# Samsung SIR S4080R Questions



## polopaul (Jun 21, 2006)

Hi,

Question1: I've been reading a book about adding larger drive(s) to my TiVo but it doesn't say anything about the max. size(s) of drives that I can use. What is the maximum size I can use for my S4080R? Can I put two in? Will I need a bracket for the second one?

Question 2: My Setup screen only has the "Phone" option and not a "Phone & Network" option. Can I still connect to my PC with A USB-Ethernet converter? Is the IP address fixed?

The S4080R has 6.2 software installed.

Thanks,
Paul.....


----------



## rpdre1 (Feb 20, 2005)

1: you can put any size drive (even a seagate 750GB), 

you can put two drives but its recommended to only have one (reliablity; not enough power corcerns). if you want two, you'd have to buy a bracket (cheapest i've seen are ~$25, not worth it to me).

a $100 (shipped) 320GB Western Digital at newegg or zipzoomfly is the best deal to me right now.

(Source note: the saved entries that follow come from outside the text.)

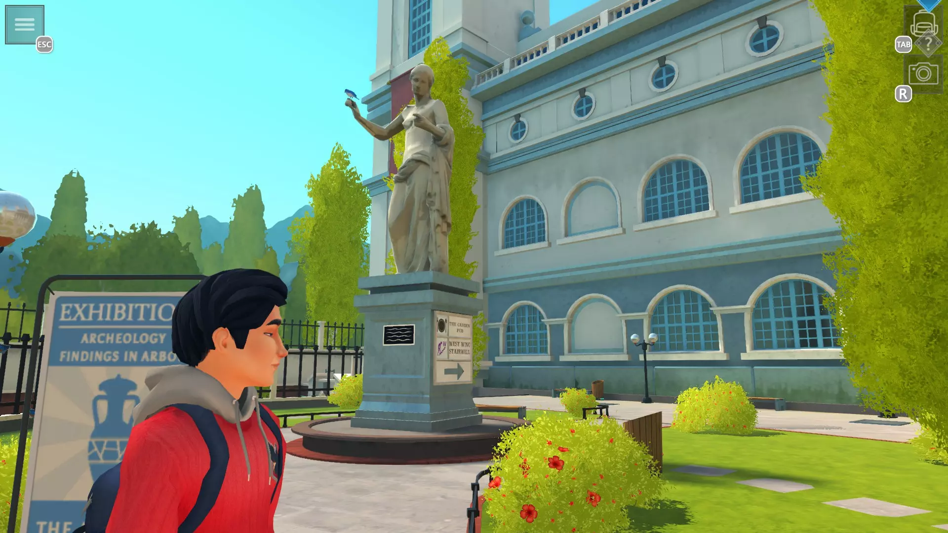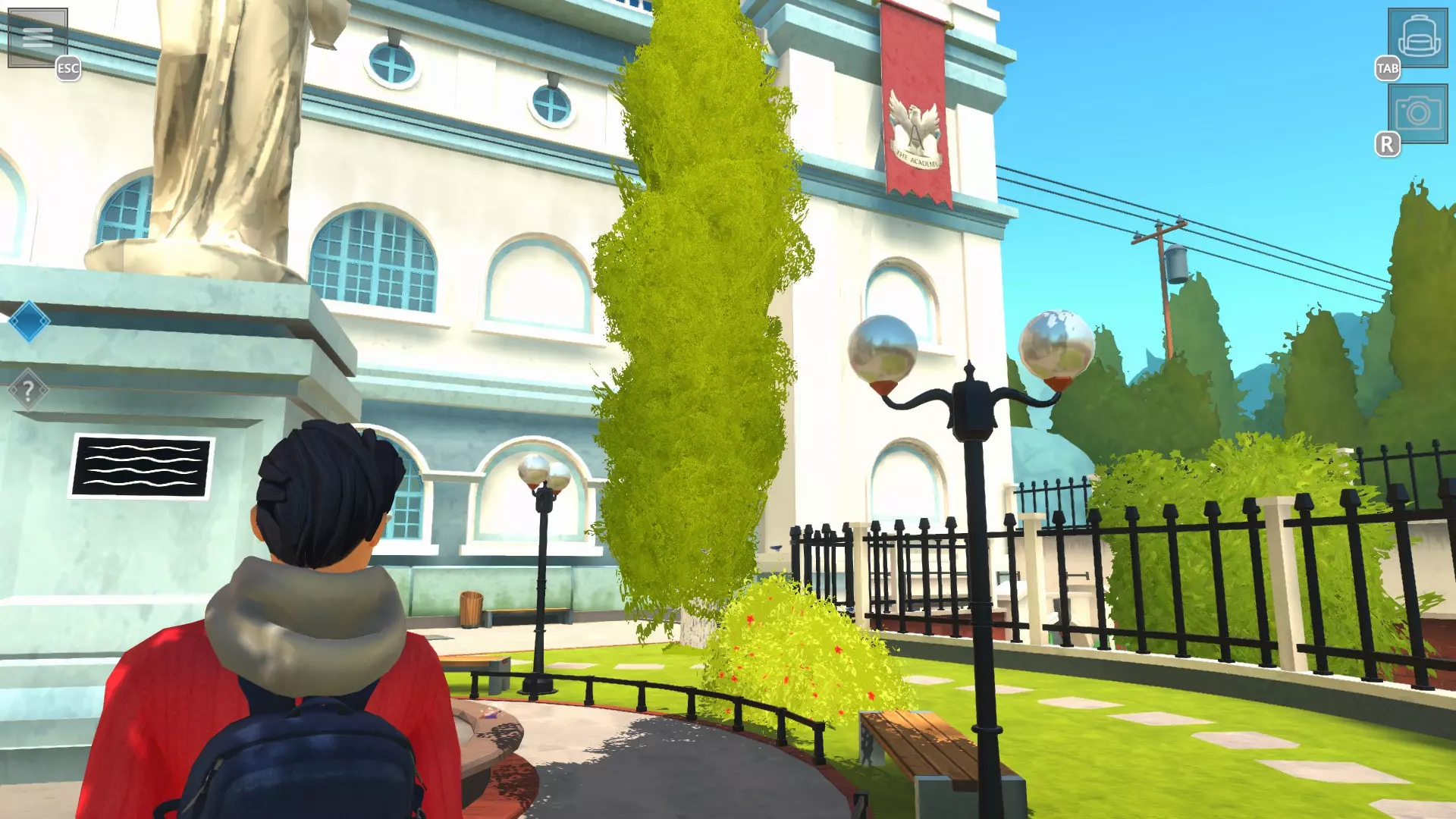 2. 左侧雕像长凳旁边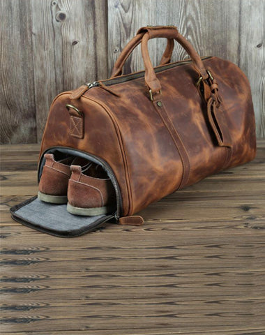 Design: Casual Brown Leather Men's 14 inches Overnight Bag Travel Bag Luggage Weekender Bag For MenOverview: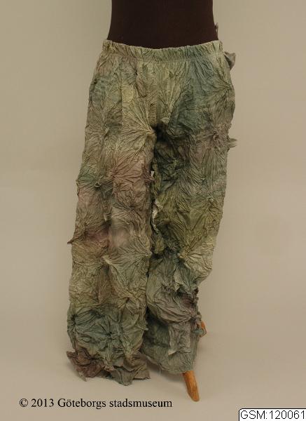 - Byxa till tvådelad danskostym bestående av överdel och byxor i knytbehandlad och färgad bomull i olika nyanser av ljust grått, grönt och lila. Tyget i danskostymen är format av knytbehandlingen med skrynklor och utstående "piggar". Byxorna har ett svart resårband i midjan och ofållade benslut. I midjan sitter en märklapp från Göteborgsoperan där det står "Fernando Melo Body & Soul -07".

2: you must hack your tivo with The Zipper to get network access. 
but even then you wont get the Phone & Network option. you have to set a static ip and other network settings the first time you run the zipper. 

if you ever need to change them in the future, you can change them in tivoweb.

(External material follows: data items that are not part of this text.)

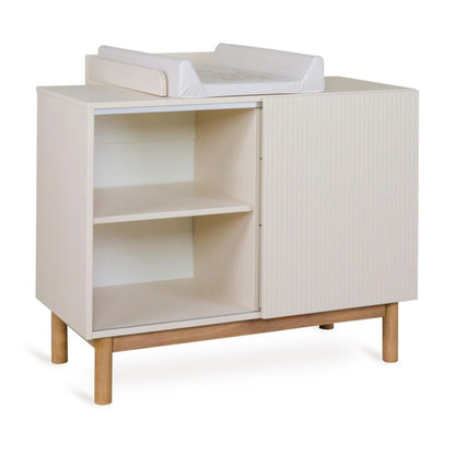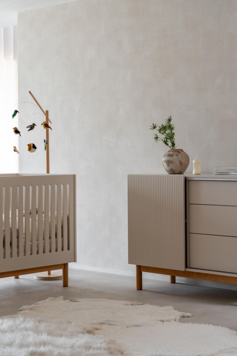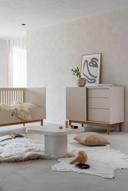 Quax Mood kommode i farven Clay er et smukt og funktionelt møbel, der kombinerer rene linjer, harmonisk design og praktisk hverdagsopbevaring. Med en rummelig låge og tre skuffer får du masser af plads til tøj, bleer og alle de små ting, der hører hverdagen med en baby til.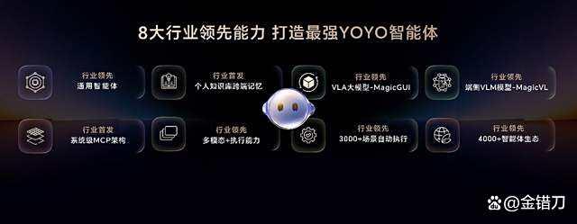 荣耀魔法大模型3.0,具有端云结合的大模型矩阵,在多模态理解、任务规划和工具调用等核心能力上,持续进化,紧密协同,达到比肩SOTA的业界顶尖水平。基于荣耀魔法大模型3.0的YOYO智能体,获得中国信通院L3级卓越型权威认证,代表了当前智能体泛化能力的最高水平。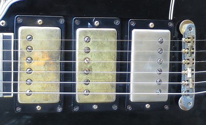 Curiosamente, los tornillos de anclaje de los marcos, siendo originales, son diferentes entre sí. Los de las dos primeras pastillas son para destornillador de punta plana y los de la pastilla de puente son tipo estrella (phillips), siendo esto normal en estas guitarras en esta época.
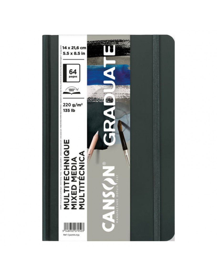 Скетчбук Canson тверда обкладинка 64 сторінки, сірі аркуші 14,8*21 см., 220 г/м2, Graduate Books Mixed Media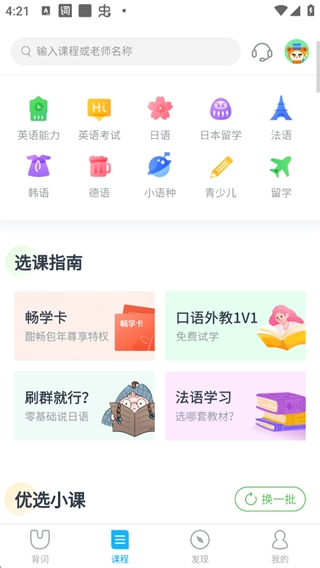 我们提供英文、日文、法文等多语言课程分类,还有选课指南帮助您选课,另外还有精选小课资源,随时可以购买学习。

theres no real need for a dtivo to make its phone call (unlike standalones) since its guide data comes from the satelite. the only data those phone calls are your viewing habits being sent to tivo.

once you hack your tivo with the zipper, you wont get any daily nags telling you to connect to a phone line.

the only potential issue with having your tivo disconnected from the phoneline is that your tivo makes a seperate call to directv to report ppv purchases you've made.

but if you dont use ppv much it doesnt really matter. and even if you do, you can always order them at directv's website.


----------



## polopaul (Jun 21, 2006)

Hi,

Thank you for your response. How much more record time will I get with a 320GB drive? What is so magic about the bracket costing $25? Where is the 2nd drive installed in relationship to the first drive?

Is TivoWeb part of Zipper? Is it installed when the new HD is initially connected to the PC?

Why is the phone update function discontinued after Zipper is installed?

Thanks,
Paul....


----------



## kelsirose02 (Apr 11, 2006)

About 280hrs, depending on the bracket you purchase you may need a special ide cable which is supplied with the bracket. I would not recomend two drives, it has been proven to cause power supply failure and premature drive failure. The zipper does disable phone, so does ptv net with instant cake which is good for newbies. It is still better to leave it unplugged, the zipper is installed throught telnet and ftp, and what parts of tivo web are you wanting?


----------